Prawn, scallop and pork shumai

  • Minced spring onions, for garnish
  • Savoy cabbage, for lining the steamer, optional
  • Rapeseed oil, for brushing the steamer
  • For the Filling
  • 100g frozen peas
  • 1 (280g) package round wonton wrappers (about 40 to 50 wrappers per package)
  • 1/2 lemon, juiced
  • 2 tsp cornflour
  • Sea salt and freshly ground black pepper
  • 2 egg whites, whipped
  • 1 tbsp sesame oil
  • 2 tsp rice wine vinegar
  • 2 tbsp minced shallots
  • 2 tbsp minced fresh coriander leaves
  • 2 tbsp minced fresh ginger
  • 225g pork mince
  • 225g bay scallops
  • 225g medium prawns , shelled and deveined
  • Serving suggestion: soy sauce or dipping sauces of your choice

Serves: about 40 shumai

1) To make the filling: Combine the prawns, scallops, pork, ginger, coriander, shallots, vinegar, sesame oil and egg whites in a food processor. Season with salt and pepper, add the cornflour and lemon juice and pulse to combine-- I like my fillings to have a little texture. (Alternatively chop the prawns and scallops finely then add the pork, ginger, coriander and vinegar and chop together. Transfer the mixture to a bowl and rapidly mix in the vinegar, sesame oil, egg whites, seasoning, cornflour and lemon juice.)

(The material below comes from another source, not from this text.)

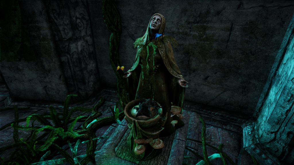 庭園の奥にはディベラの像や祠がひっそりと。また、近くにある扉からバルコニーに出ることができます。
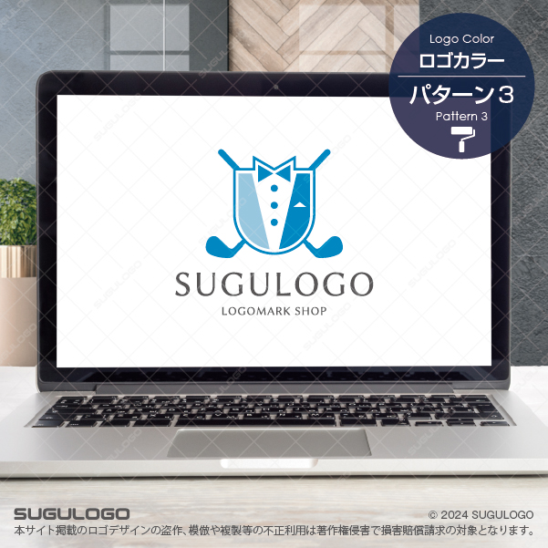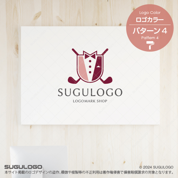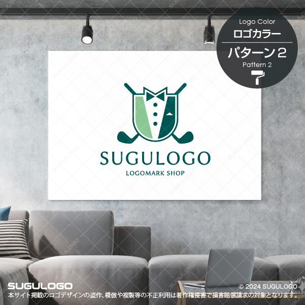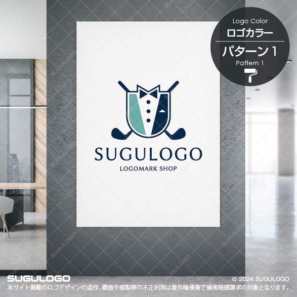 フォーマルさと遊び心をバランスよく取り入れたロゴデザインです。盾形のエンブレムに、タキシードを組み合わせ、上品さ・信頼感・個性を表現しています。フォーマルなボウタイスタイルとゴルフギアを組み合わせたウィットに富んだデザインで「ゴルフを単なる競技ではなく、洗練されたライフスタイルとして楽しむ」というメッセージを視覚化しました。ファッション×スポーツを感じさせるため、ゴルフアパレル、スポーツブランド、クラブチーム、ショップロゴ、セレクトショップ、ライフスタイルメディアなど、ファッション性と独自性を重視するブランドに最適です。一度見たら忘れない印象的なシルエットは、刺繍やタグなどのプロダクト展開でも強い存在感を放ちます。

2) To make the shumai: Hold a wonton wrapper in your hand. Spoon 1 tablespoon of the filling into the center of the wrapper (rinse the spoon in cold water so the filling doesn't stick). Gather the edges of the wrapper up around the filling and squeeze the sides together with your fingers forming a little pleated cup. (The sides will naturally pleat, leaving the filling slightly exposed.) Tap the dumpling on the table so the bottom is flat and it stands upright then set aside on a baking sheet. Repeat with the remaining wrappers and filling. Top each shumai with a pea. (You can freeze any leftover filling.)

3) Lightly oil the bottom of a bamboo steamer then line it with the cabbage leaves. Stand the dumplings in the steamer in a single layer taking care that they don't touch one another. (A 10-inch steamer will accommodate 12 shumai). Bring about 2 inches of water to a boil in a wok. Set the bamboo steamer in the wok, cover it with the bamboo lid and steam until the shumai feel firm, 10 to 12 minutes. Serve the shumai immediately garnished with green onions and accompanied by soy sauce or dipping sauces of your choice.